## RECORD SET
--- --- ---
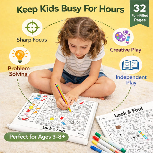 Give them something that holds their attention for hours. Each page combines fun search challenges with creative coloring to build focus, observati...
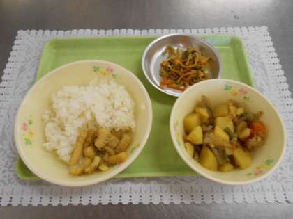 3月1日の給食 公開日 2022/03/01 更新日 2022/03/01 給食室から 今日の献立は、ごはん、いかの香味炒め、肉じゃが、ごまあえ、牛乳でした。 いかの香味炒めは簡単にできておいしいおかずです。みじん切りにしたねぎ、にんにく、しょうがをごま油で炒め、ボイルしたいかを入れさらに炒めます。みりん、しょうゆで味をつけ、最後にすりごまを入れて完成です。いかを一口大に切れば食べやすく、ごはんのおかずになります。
--- --- ---
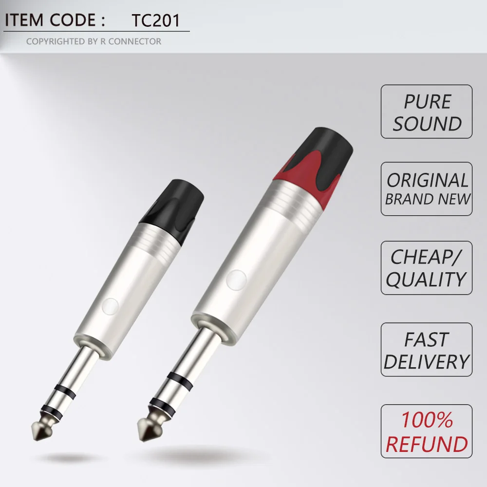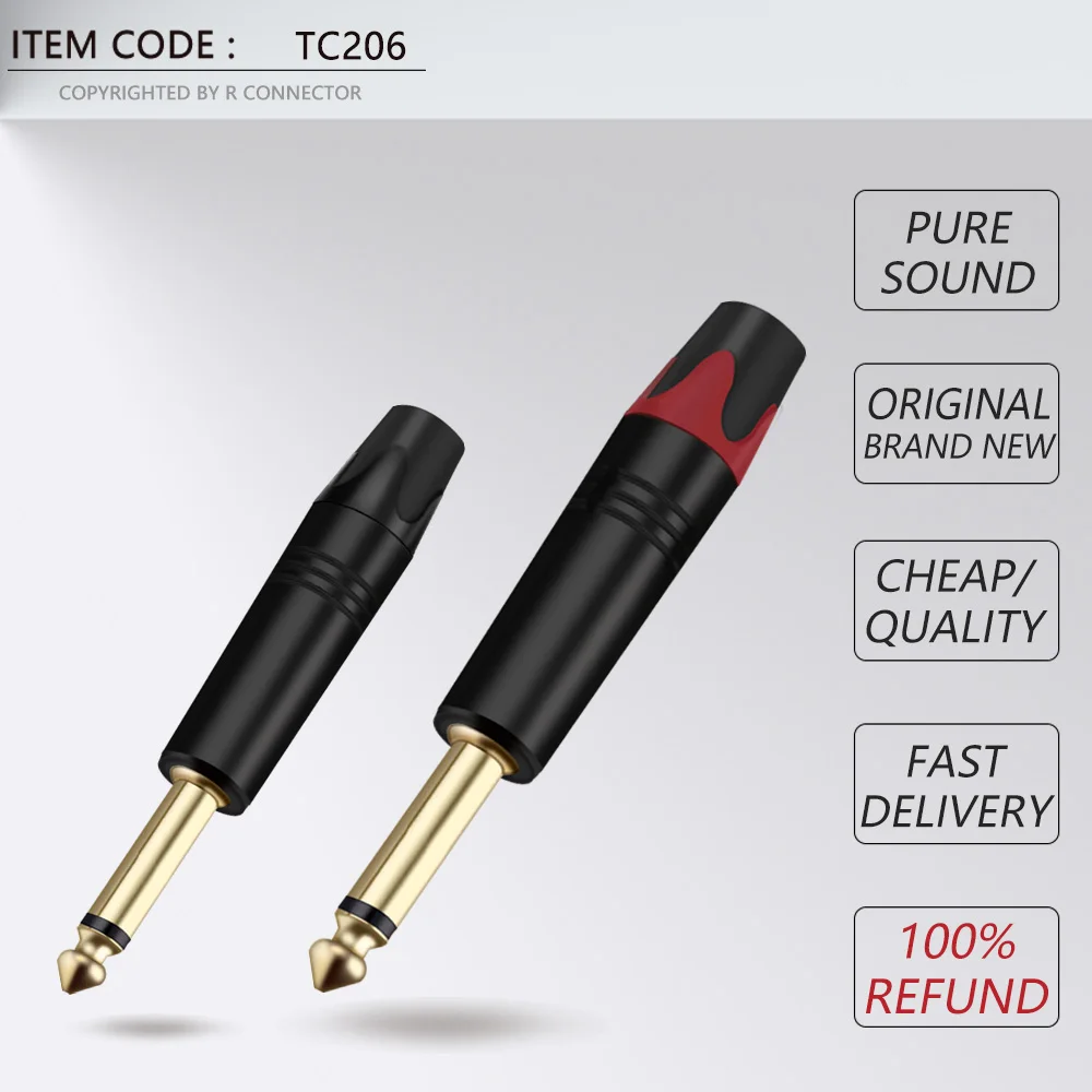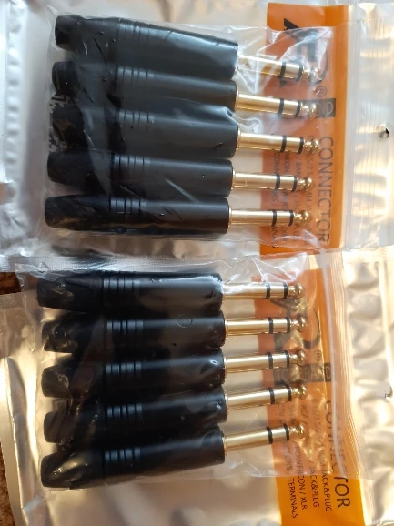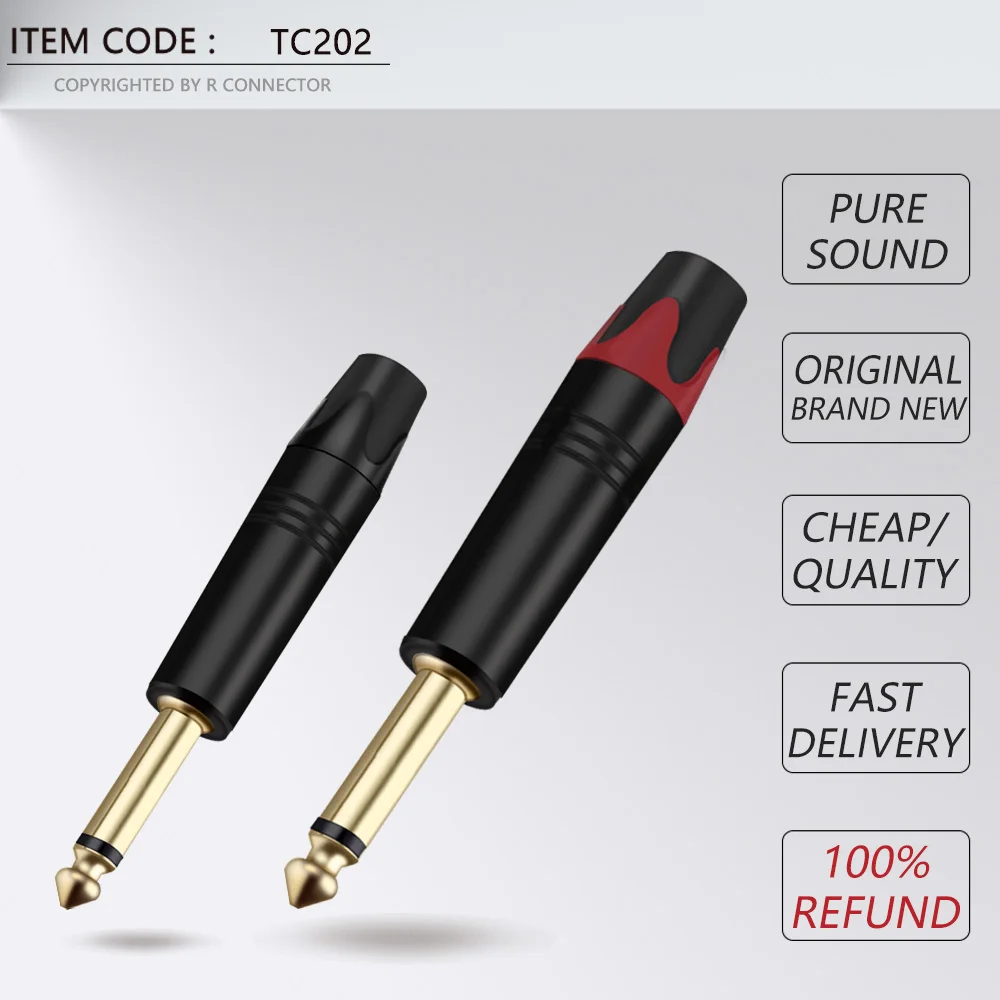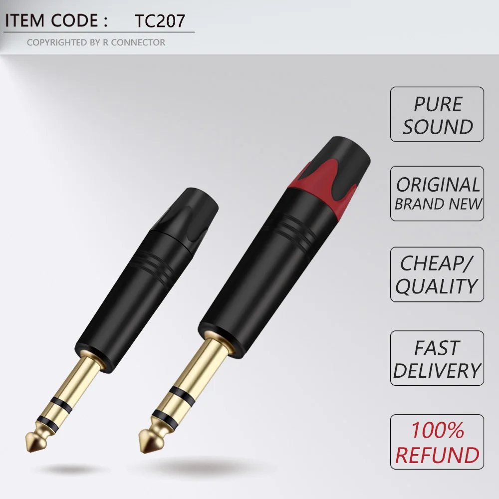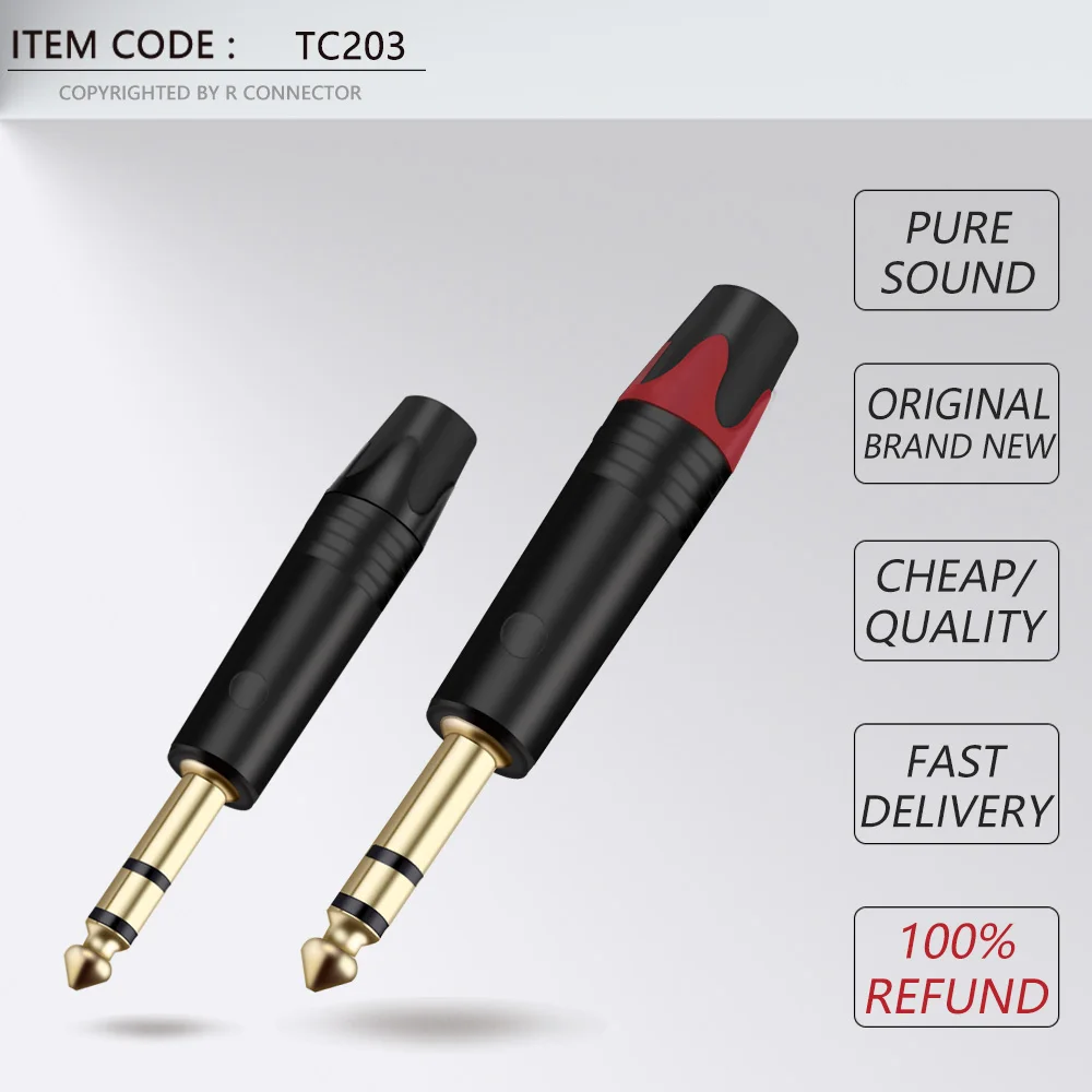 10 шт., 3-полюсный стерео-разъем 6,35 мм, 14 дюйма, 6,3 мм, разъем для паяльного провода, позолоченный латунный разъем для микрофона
--- --- ---
## EXERCISE INSTRUCTIONS
Leave the pictures out. Output, exactly, the lines of the material above starting at the line containing "Give them something" and ending at the line containing "3月1日の給食 公開日 2022/03/01".

## OUTPUT OF THE TASK
 Give them something that holds their attention for hours. Each page combines fun search challenges with creative coloring to build focus, observati...
 3月1日の給食 公開日 2022/03/01 更新日 2022/03/01 給食室から 今日の献立は、ごはん、いかの香味炒め、肉じゃが、ごまあえ、牛乳でした。 いかの香味炒めは簡単にできておいしいおかずです。みじん切りにしたねぎ、にんにく、しょうがをごま油で炒め、ボイルしたいかを入れさらに炒めます。みりん、しょうゆで味をつけ、最後にすりごまを入れて完成です。いかを一口大に切れば食べやすく、ごはんのおかずになります。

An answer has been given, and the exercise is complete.